- _THE TASK_: Your copy should start at the line with "whimpering in pain." and end at the line with "カサブランカコートチャンピオ" in the data below. Transcribe only those lines, exactly, pictures excluded.

- _DATA TO PROCESS_:
──────────────────────────────

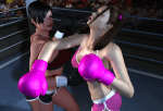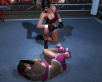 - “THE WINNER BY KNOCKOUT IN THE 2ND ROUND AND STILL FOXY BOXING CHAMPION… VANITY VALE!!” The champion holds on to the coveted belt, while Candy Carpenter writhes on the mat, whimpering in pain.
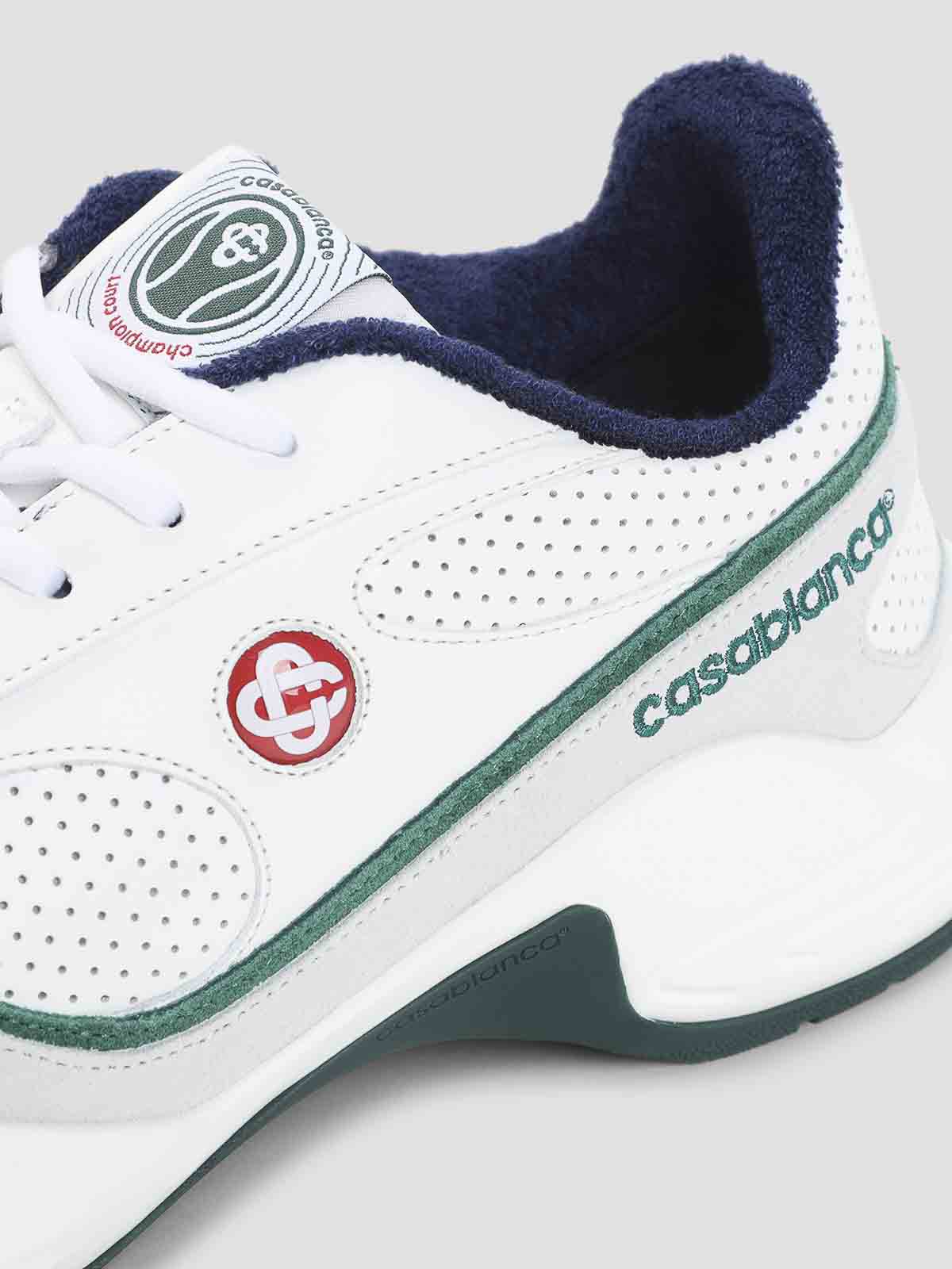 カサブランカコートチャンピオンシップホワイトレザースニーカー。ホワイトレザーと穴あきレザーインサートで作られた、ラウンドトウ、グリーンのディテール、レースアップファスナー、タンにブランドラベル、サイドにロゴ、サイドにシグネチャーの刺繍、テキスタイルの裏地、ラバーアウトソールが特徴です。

──────────────────────────────

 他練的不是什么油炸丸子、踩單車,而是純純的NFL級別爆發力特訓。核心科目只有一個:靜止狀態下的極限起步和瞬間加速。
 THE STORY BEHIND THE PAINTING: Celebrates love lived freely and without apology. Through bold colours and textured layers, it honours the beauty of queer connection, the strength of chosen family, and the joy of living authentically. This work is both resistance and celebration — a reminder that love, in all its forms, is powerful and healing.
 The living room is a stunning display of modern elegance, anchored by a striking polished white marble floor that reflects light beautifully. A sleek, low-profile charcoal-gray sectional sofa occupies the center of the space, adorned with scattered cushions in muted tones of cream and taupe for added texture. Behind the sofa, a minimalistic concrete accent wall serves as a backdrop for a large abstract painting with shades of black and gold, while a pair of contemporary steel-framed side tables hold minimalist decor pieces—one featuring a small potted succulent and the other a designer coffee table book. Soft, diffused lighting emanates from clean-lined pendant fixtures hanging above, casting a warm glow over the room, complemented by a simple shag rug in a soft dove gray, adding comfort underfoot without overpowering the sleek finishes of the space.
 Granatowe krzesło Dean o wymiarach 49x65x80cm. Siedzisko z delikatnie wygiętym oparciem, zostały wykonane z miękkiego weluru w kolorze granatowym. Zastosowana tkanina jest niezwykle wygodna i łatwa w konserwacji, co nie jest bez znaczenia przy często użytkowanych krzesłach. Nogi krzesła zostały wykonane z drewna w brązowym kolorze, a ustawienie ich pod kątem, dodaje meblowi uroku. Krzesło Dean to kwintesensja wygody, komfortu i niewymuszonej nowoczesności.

──────────────────────────────

- _TASK ANSWER_:
 - “THE WINNER BY KNOCKOUT IN THE 2ND ROUND AND STILL FOXY BOXING CHAMPION… VANITY VALE!!” The champion holds on to the coveted belt, while Candy Carpenter writhes on the mat, whimpering in pain.
 カサブランカコートチャンピオンシップホワイトレザースニーカー。ホワイトレザーと穴あきレザーインサートで作られた、ラウンドトウ、グリーンのディテール、レースアップファスナー、タンにブランドラベル、サイドにロゴ、サイドにシグネチャーの刺繍、テキスタイルの裏地、ラバーアウトソールが特徴です。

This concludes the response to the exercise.